Thanks, Zach!
I like your suggestion about project updates. I sincerely hope that this
can be something transparent enough that folks who want to follow-on and
participate in implementation can do so. Let me think about how to drive
this better.
On 7/25/18 3:55 PM, Zach York wrote:
+1 to starting the work. I think most of the concerns can be figured out on
the JIRAs and we can have a project update every X weeks if enough people
are interested.
I also agree to frame the feature correctly. Decoupling from a HDFS WAL or
WAL on Ratis would be more appropriate names that would better convey the
scope. I think there are a number of projects necessary to complete "HBase
on Cloud" with this being one of those.
Thanks for driving this initiative!
Zach
On Wed, Jul 25, 2018 at 11:55 AM, Josh Elser <[email protected]> wrote:
Let me give an update on-list for everyone:
First and foremost, thank you very much to everyone who took the time to
read this, with an extra thanks to those who participated in discussion.
There were lots of great points raised. Some about things that were unclear
in the doc, and others shining light onto subjects I hadn't considered yet.
My biggest take-away is that I complicated this document by tying it too
closely with "HBase on Cloud", treating the WAL+Ratis LogService as the
only/biggest thing to figure out. This was inaccurate and overly bold of
me: I apologize.

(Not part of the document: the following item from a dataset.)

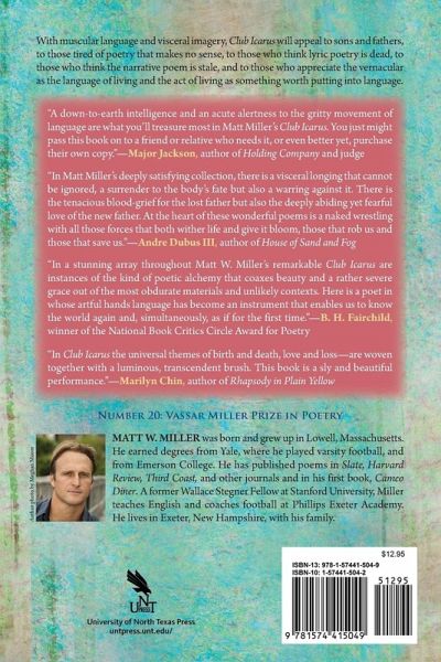 Winner of the Vassar Miller Prize in Poetry, 2012 With muscular language and visceral imagery, Club Icarus will appeal to sons and fathers, to those tired of poetry that makes no sense, to those who think lyric poetry is dead, to those who think the narrative poem is stale, and to those who appreciate the vernacular as the language of living and the act of living as something worth putting into language. "A down-to-earth intelligence and an acute alertness to the gritty movement of language are what you'll treasure most in Matt Miller's Club Icarus. You just might pass this book on to a friend or relative who needs it, or even better yet, purchase their own copy."-Major Jackson, author of Holding Company and judge "In Matt Miller's deeply satisfying collection, there is a visceral longing that cannot be ignored, a surrender to the body's fate but also a warring against it. There is the tenacious blood-grief for the lost father but also the deeply abiding yet fearful love of the new father. At the heart of these wonderful poems is a naked wrestling with all those forces that both wither life and give it bloom, those that rob us and those that save us."-Andre Dubus III, author of House of Sand and Fog "In a stunning array throughout Matt W. Miller's remarkable Club Icarus are instances of the kind of poetic alchemy that coaxes beauty and a rather severe grace out of the most obdurate materials and unlikely contexts. Here is a poet in whose artful hands language has become an instrument that enables us to know the world again and, simultaneously, as if for the first time."-B. H. Fairchild, winner of the National Book Critics Circle Award for Poetry "In Club Icarus the universal themes of birth and death, love and loss-are woven together with a luminous, transcendent brush. This book is a sly and beautiful performance."-Marilyn Chin, author of Rhapsody in Plain Yellow MATT W. MILLER was born and grew up in Lowell, Massachusetts. He earned degrees at Yale, where he also played varsity football, and from Emerson College. He has published poems in Slate, Harvard Review, Third Coast, and other journals and in his first book, Cameo Diner. A former Wallace Stegner Fellow at Stanford University, Miller teaches English and coaches football at Philips Exeter Academy. He lives in Exeter, New Hampshire, with his family.
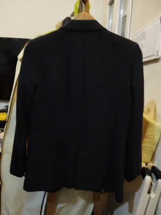 Americana de la marca Massimo Dutti. Es muy elegante y buena calidad. Al ser azul marino tiene los típicos signos de desgaste pero nada importante. Se aprecia en las fotos. - Diseño clásico y elegante. - Un botón frontal. - Dos bolsillos de solapa.

I think this complicated discussion on a number of points,
and ate a good bit of some of your's time.
My goal was to present this as an important part of a transition to the
"cloud", giving justification to what WAL+Ratis helps HBase achieve. I did
not want this document to be a step-by-step guide to a perfect HBase on
Cloud design. I need to do a better job with this in the future; sorry.
That said, my feeling is that, on the whole, folks are in support of the
proposed changes/architecture described for the WAL+Ratis work (tl;dr
revisit WAL API, plug in current WAL implementation to any API
modification, build new Ratis-backed WAL impl). There were some concerns
which still need immediate action that I am aware of:
* Sync with Ram and Anoop re: in-memory WAL [1]

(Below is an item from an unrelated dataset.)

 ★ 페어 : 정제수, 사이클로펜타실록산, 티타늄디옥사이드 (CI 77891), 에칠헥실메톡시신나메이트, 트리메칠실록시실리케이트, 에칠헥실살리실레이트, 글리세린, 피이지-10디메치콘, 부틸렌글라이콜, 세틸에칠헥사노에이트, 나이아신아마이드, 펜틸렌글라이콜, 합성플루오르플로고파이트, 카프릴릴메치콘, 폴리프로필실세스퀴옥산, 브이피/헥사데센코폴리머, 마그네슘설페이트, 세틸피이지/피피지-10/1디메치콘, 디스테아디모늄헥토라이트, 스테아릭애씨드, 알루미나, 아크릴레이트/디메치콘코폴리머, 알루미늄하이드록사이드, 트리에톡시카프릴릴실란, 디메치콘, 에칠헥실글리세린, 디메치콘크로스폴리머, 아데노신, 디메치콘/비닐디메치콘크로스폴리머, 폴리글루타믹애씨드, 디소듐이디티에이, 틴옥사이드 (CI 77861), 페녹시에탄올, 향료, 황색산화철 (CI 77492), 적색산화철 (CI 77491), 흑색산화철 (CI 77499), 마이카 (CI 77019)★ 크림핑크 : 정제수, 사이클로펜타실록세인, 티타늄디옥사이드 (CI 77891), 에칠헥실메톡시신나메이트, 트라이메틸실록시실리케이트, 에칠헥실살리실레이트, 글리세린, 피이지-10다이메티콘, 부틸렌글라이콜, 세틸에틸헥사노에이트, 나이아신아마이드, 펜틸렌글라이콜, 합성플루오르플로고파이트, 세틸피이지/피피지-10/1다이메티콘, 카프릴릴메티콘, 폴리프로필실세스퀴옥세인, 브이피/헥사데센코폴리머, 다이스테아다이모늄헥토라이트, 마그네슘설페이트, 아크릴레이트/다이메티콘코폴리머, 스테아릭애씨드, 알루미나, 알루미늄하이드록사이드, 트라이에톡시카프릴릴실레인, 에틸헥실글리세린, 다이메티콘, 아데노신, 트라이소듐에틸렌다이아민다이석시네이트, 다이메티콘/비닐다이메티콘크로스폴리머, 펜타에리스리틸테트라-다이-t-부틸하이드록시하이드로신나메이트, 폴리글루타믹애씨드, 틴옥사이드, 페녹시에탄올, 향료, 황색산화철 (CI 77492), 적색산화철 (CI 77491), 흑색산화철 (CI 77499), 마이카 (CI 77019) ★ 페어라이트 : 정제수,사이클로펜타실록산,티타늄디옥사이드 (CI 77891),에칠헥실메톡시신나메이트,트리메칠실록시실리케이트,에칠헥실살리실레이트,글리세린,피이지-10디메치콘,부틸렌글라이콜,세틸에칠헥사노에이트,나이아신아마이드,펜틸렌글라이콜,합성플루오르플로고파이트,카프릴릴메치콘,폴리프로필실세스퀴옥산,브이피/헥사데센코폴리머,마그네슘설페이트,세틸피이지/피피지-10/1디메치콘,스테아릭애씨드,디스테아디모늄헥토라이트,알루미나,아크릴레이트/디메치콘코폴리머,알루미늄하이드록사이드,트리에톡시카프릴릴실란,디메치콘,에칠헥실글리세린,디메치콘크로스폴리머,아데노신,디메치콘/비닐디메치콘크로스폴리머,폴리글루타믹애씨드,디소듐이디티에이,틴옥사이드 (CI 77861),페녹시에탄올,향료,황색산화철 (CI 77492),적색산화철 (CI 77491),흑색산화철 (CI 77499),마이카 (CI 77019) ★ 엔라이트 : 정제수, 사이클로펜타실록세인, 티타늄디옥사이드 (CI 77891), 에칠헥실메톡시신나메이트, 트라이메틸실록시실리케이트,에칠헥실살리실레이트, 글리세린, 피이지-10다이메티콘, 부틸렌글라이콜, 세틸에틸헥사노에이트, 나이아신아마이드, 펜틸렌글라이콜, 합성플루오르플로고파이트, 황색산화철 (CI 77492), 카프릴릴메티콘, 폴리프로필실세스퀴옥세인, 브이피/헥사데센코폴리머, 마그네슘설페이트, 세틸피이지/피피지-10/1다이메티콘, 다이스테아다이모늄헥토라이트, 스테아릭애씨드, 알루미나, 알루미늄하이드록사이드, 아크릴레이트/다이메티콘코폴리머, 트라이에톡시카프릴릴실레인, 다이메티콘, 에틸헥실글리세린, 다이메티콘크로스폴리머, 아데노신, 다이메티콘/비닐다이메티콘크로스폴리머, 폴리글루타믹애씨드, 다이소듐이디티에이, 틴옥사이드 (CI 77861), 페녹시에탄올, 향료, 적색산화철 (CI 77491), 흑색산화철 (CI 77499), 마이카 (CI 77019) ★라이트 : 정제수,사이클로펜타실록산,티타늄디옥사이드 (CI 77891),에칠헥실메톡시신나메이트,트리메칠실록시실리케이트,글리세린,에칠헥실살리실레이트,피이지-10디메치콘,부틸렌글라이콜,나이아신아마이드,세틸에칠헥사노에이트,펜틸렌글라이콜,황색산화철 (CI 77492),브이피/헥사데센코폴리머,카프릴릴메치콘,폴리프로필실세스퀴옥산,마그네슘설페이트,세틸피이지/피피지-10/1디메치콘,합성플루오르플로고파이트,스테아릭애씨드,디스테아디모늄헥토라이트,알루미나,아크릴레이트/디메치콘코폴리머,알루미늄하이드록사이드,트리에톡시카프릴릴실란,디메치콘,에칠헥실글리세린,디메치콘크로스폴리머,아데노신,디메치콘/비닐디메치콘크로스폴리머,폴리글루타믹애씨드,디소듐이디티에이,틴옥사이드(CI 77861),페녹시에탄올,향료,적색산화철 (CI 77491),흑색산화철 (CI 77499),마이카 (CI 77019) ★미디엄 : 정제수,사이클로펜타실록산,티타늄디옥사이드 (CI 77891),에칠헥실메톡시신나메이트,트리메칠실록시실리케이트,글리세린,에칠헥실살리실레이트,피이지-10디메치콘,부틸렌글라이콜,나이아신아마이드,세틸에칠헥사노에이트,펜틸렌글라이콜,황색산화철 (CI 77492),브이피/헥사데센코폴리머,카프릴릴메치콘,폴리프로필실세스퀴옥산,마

* Where is Ratis LogService metadata kept? How do we know what LogStreams
were being used/maintained by a RS? How does this tie into recovery?
There are also long-term concerns which I don't think I have an answer for
yet (for either reasons out of my control or a lack of technical
understanding):
* Maturity of the Ratis community
* Required performance by HBase and the ability of the LogService to
provide that perf (Areas already mentioned: gRPC perf, fsyncs bogging down
disks, ability to scale RAFT quorums).
* Continue with WAL-per-RS or move to WAL-per-Region? Related to perf,
dependent upon Ratis scalability.
* I/O amplification on WAL retention for backup&restore and replication
("logstream export")
* Ensure that LogStreams can be exported to a dist-filesystem in a manner
which requires no additional metadata/handling (avoid more storage/mgmt
complexity)
* Ability to build krb5 authn into Ratis (really, gRPC)
I will continue the two immediate action items. I think the latter
concerns are some that will require fingers-on-keyboard -- I don't know
enough about runtime characteristics without seeing it for myself.
All this said, I'd like to start moving toward the point where we start
breaking out this work into a feature-branch off of master and start
building code. My hope is that this is amenable to everyone, with the
acknowledge that the Ratis work is considered "experimental" and not an
attempt to make all of HBase use Ratis-backed WALs.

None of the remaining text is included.